Solve Ground State Energy Level of Proton in Al Nucleus - 100MeV, 5fm

[Slayer537]

I've been working at this problem for about an hour and can't seem to make any progress. Any help would greatly be appreciated.

Homework Statement

Estimate the ground state energy level of a proton in the Al nucleus which has a potential energy of 100 MeV. Compare your answer to that calculated from the infinite square model. The radius of the Al nucleus is 5 fm.

2. The attempt at a solution

I thought that for the first part of the question this equation should be used

E_n = n²*h²/(8*m*L²)

However, I was getting nowhere close to the answer of 1.72 MeV. For the second part I figure that it would involve Schrodinger's equation and and this equation:

$$\psi$$ = (2/L)^1/2*sin(n*pi*x/L)

Oddly enough using the first equation and using the diameter instead of the radius I got the right answer for the second part of the question of 2.05 Mev; however, I don't think that I solved it correctly.

 

[nickjer]

The first part isn't an infinite well. The 2nd part is an infinite well, the first equation you listed is the energy levels for an infinite well, that is why it worked. Also, "L" is the width of the well which is the diameter and not the radius (that is why you got the right answer using diameter).

The first part sounds like you will be using a finite potential well. Unless you are learning some other method like the shell model.

 

[Slayer537]

The first part isn't an infinite well. The 2nd part is an infinite well, the first equation you listed is the energy levels for an infinite well, that is why it worked. Also, "L" is the width of the well which is the diameter and not the radius (that is why you got the right answer using diameter).

The first part sounds like you will be using a finite potential well. Unless you are learning some other method like the shell model.

Thanks, that explains the second part of the question. Still can't figure out how to do the first part. We have done finite potential well, but not shell. I looked up the equations in my book and think that I should use Schrodinger's time independent equation:

-(ħ/2m)(d²/dx²)Ψ(x)+U(x)Ψ(x)=EΨ(x)

Where I would solve for E. Could I then use this for Ψ(x) :

Ψ(x)=(2/L)^1/2sin(pi*x/L)

? If so what value would I use for x, or am I still missing something?

 

[Slayer537]

Never mind. I just figured it out.

First solve for δ:

δ=ħ/(2*m*U)^1/2

Then use δ to solve for Energy, making sure to use diameter, not radius:

E=pi²*ħ²/(2*m*L²)

---> E = 1.72 MeV

 

[paranormal]

Thank you for reaching out for help with this problem. It seems like you are on the right track in using the equations for energy levels in a potential well and the wavefunction for a particle in a box. However, there are a few things to keep in mind when solving this problem.

First, make sure you are using the correct units for all the variables in the equations. In this case, the potential energy is given in MeV, so you will need to convert it to joules before using it in the equation.

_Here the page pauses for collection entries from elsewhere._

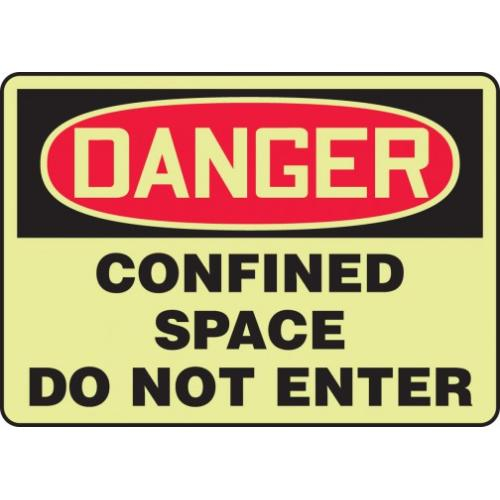 Accuform MLCS104GF Lumi-Glow Flex Adhesive Sign, Legend "Danger CONFINED Space DO NOT Enter", 10" Length x 14" Width x 0.010" Thickness, Red/Black on Glow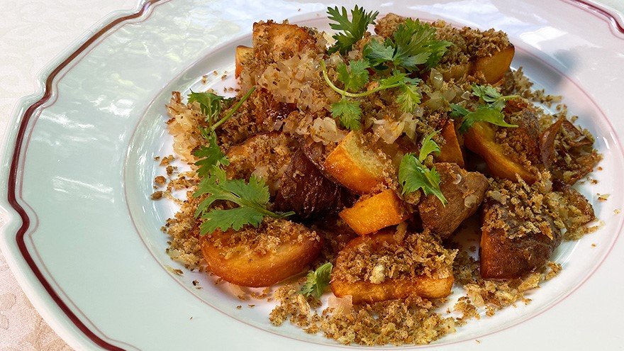 皿に盛り、4のパン粉を振りかける。好みでシャンツァイを散らす。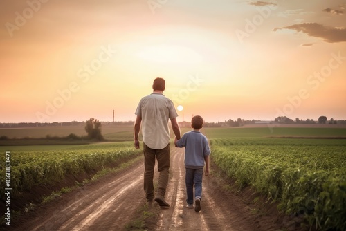 father, son, sunset, walking, farm, dirt road, bonding, family, field, countryside, togetherness, parenting, nature, rural, landscape, outdoors, golden hour, agriculture, generation, backview, holding hands, horizon, serene, peaceful, evening, warm light, connection, path, tree, sky, calm, together, journey, love, human relationships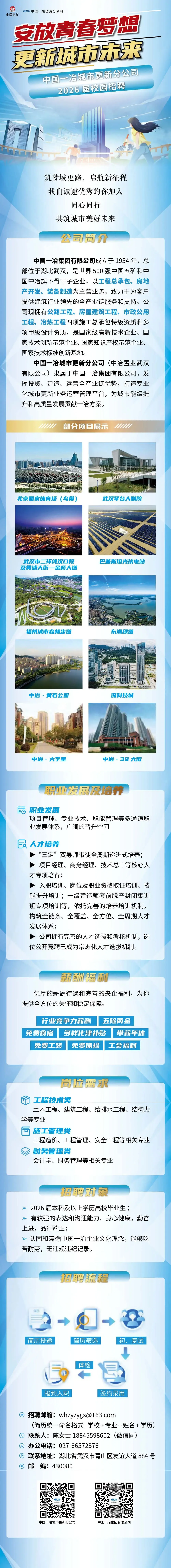 >世界500强骨干子企业招聘 | 提供五险两金、免费食宿,中国一冶城市更新分公司2026届校园招聘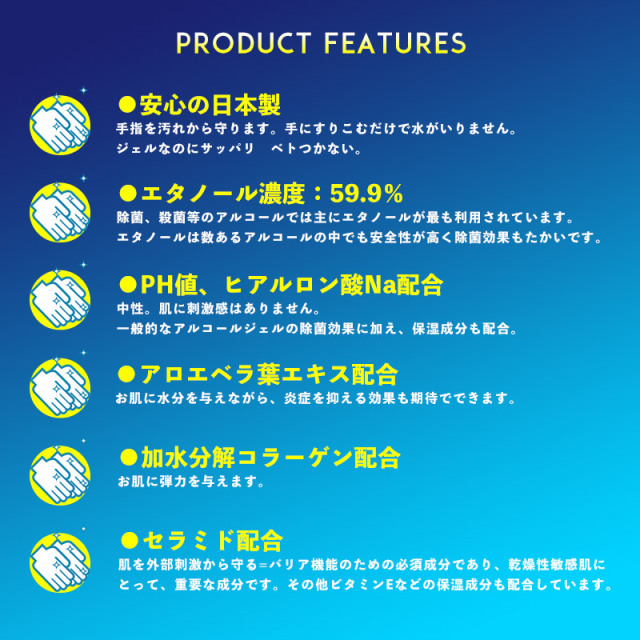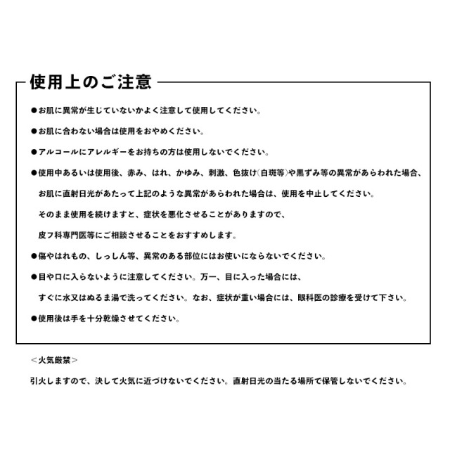 | 素材 | エタノール(59.9%)、水、グリセリン、ヒアルロン酸Na、アロエベラ葉エキス、加水分解コラーゲン、セラミドE、ビタミンC、ビタミンE、カルボマー、TEA |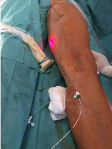 - A thin catheter is inserted into the diseased vein through a small needle stick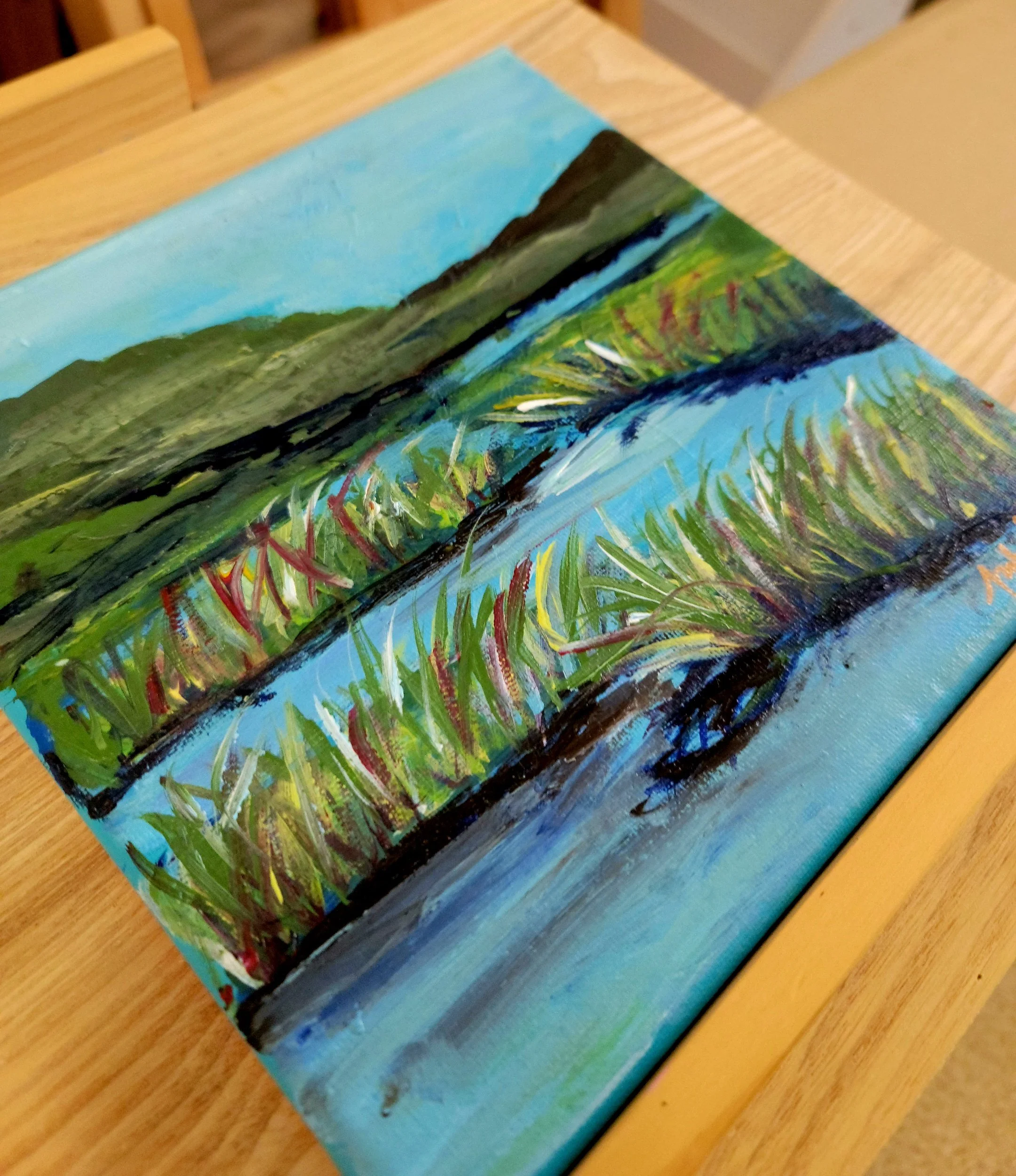 “In the Cordgrass” is an original painting on gallery wrapped canvas.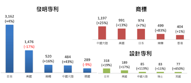 106年第3季,發明、新型、設計三種專利新申請案18,765件,較上年同期成長4%,另一方面,商標註冊申請量22,168件,亦增加12%。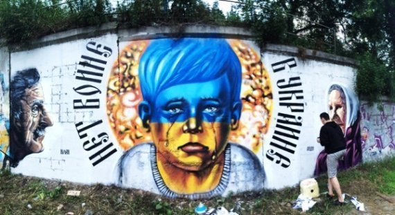 Хлопці-дизайнери намалювали обличчя хлопчика зі сльозами на очах. За його спиною - вогненний вир. Прикрашає малюнок напис: "Ні війні в Україні", - пише Gazeta.ua.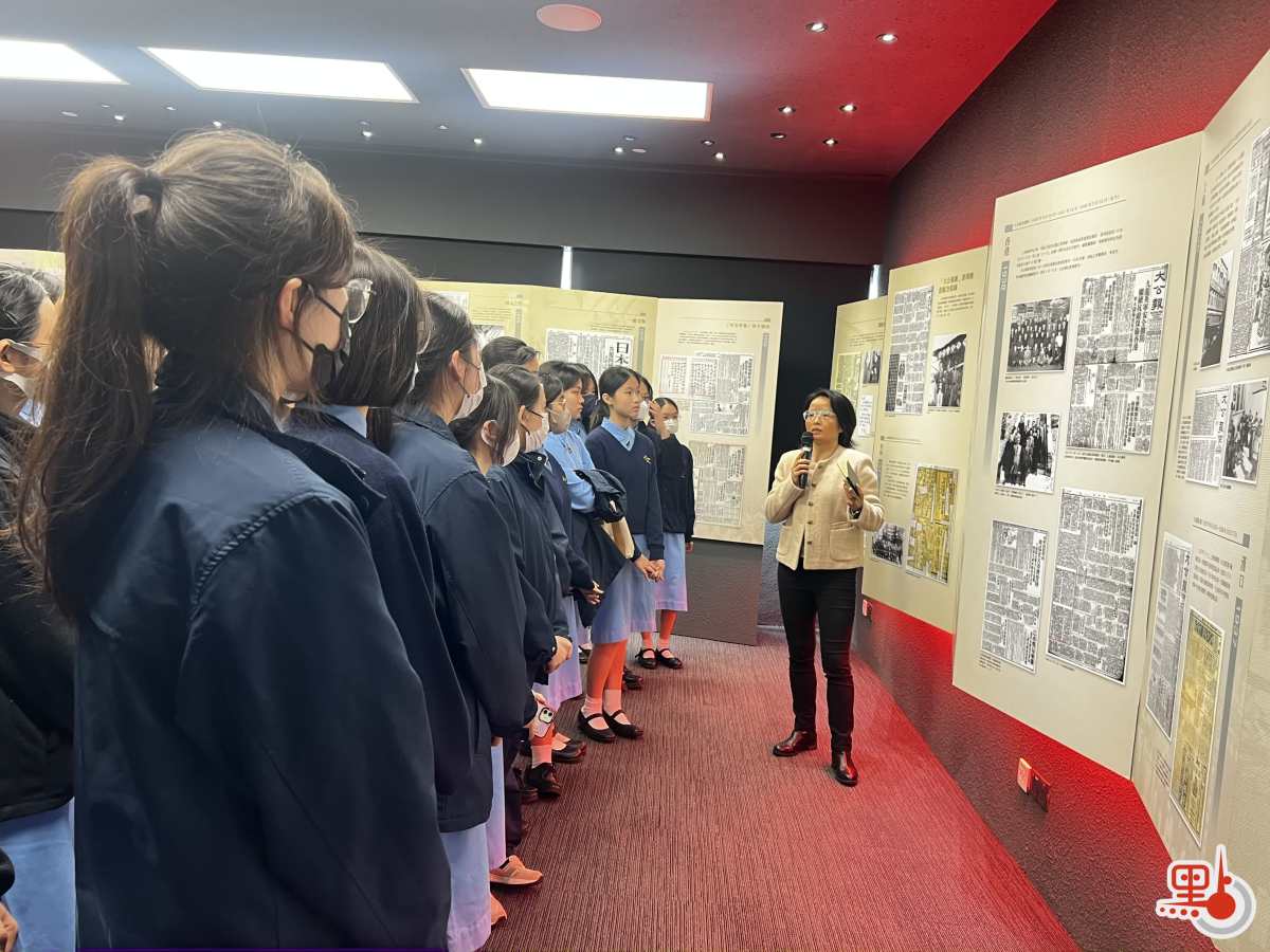 報史館分為《大公報》報史和《文匯報》報史兩部分。大文集團發行運營和品牌推廣中心助理總經理白蘭欣向同學們介紹,《大公報》創刊於天津,創辦人是英斂之,報刊的風格是愛國的、嚴肅的,以及1938年港版大公報創刊。同學們了解了《大公報》推動歷史的過程。例如,在西安事變中,通過發表重要社評,推動了西安事變和平解決和抗日統一戰線建立;在重慶談判後,大公報總編與毛澤東、周恩來、董必武等黨領導人會面,獲得毛澤東題詞「為人民服務」。走到《文匯報》報史館部分,白蘭欣介紹《文匯報》創刊於1938年,香港文匯報創刊於1948年9月。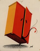 MISS ROVEL La figura que se representa en el dibujo es un armario de color rojo y amarillo en su lateral. El objeto se apoya sobre uno de sus pies y de su puerta entreabierta se despliega el rabo de un diablillo en color rojo. La sombra de la base del armario es de color negra y en toda la imagen se aprecia un gran movimiento.Boceto realizado para la ilustración revista Novelas y Cuentos. Titulo: Miss Rovel. Autor: Víctor Cherbuliez. Nº publc. 1225 Fe cha: 31-10-1954 Tomo NC 41. Prueba Imprenta: 94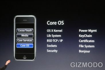– le kit de développement (SDK) est disponible dès maintenant (ici) pour les développeurs. A noter qu’il fonctionne que sur MAC Intel.Il est gratuit mais les développeurs devront s’enregistrer et s’acquitter de 100 dollars pour que leurs programmes soient publiés sur AppStore. Pour information, sachez qu’il s’agit du même SDK que celui utilisé en interne par Apple. Les différentes couches logicielles de l’iPhone y sont accessibles : Cocoa Touch, Media, Core Services, Core OS. Pas d’accès prévu par contre pour l’instant au connecteur dock.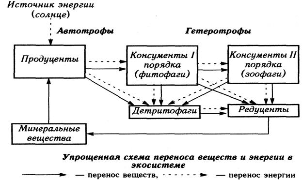 Учитывая характер трансформации энергии и вещества, можно выделить следующие элементы, или блоки, экосистемы: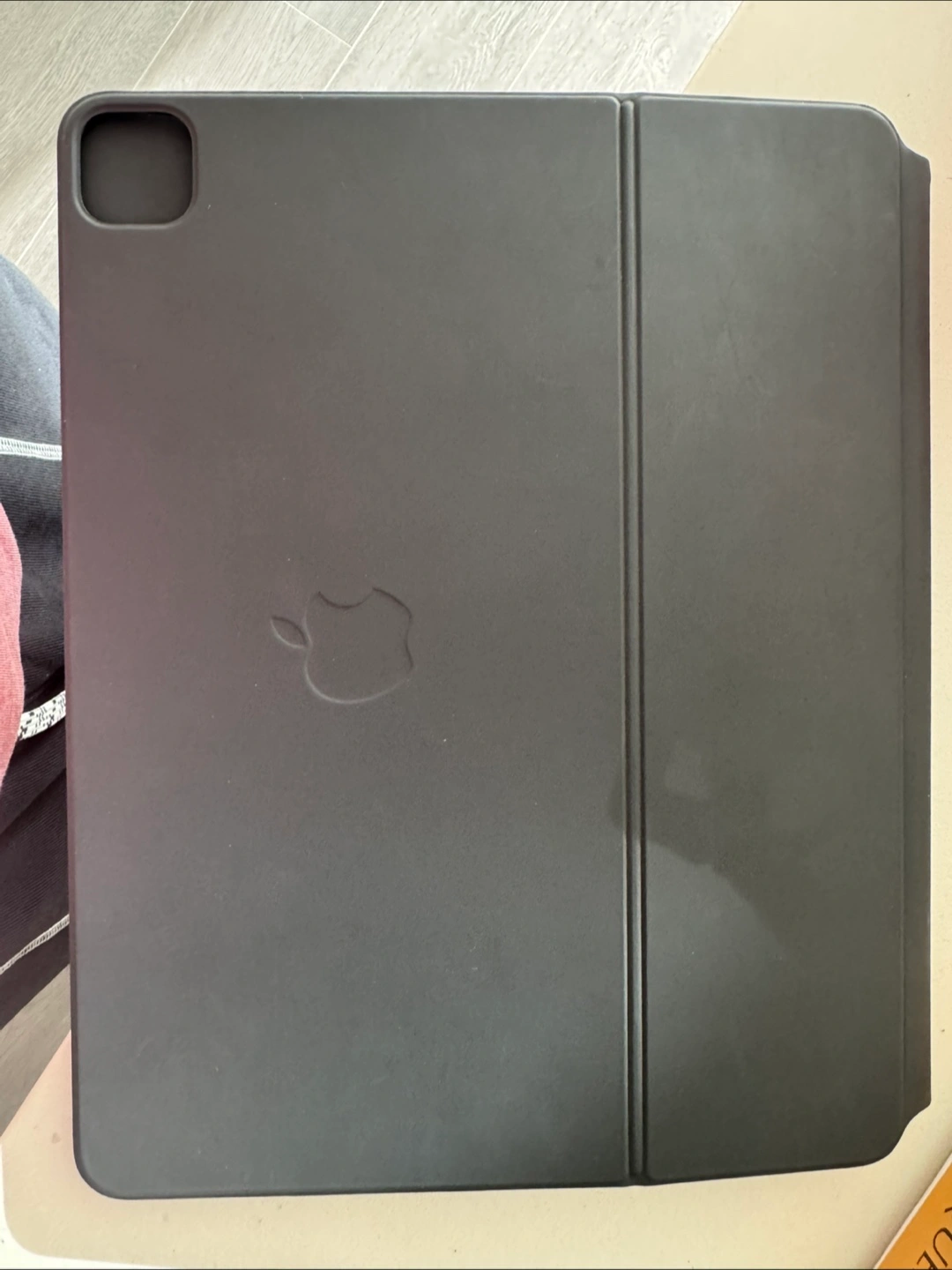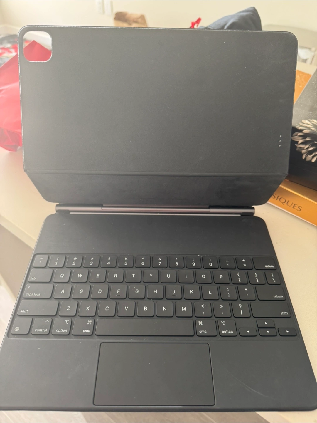 A keyboard case. Black, with a smooth exterior. Features a built-in keyboard and a built-in trackpad. A great way to work on your iPad comfortably. Pick up only

Second, the equation you used for the energy levels in a potential well is for a one-dimensional system, but the problem is asking for the energy level of a proton in a three-dimensional nucleus. This means you will need to use the three-dimensional version of the equation, which takes into account the volume of the nucleus.

Lastly, for the second part of the problem, you are correct in using Schrodinger's equation to calculate the energy level of a particle in a box. However, make sure you are using the correct boundary conditions for a particle in a three-dimensional box, which will involve the volume of the nucleus as well.

I hope this helps you make progress on the problem. If you are still having trouble, I suggest consulting with your instructor or a classmate for further assistance. Good luck!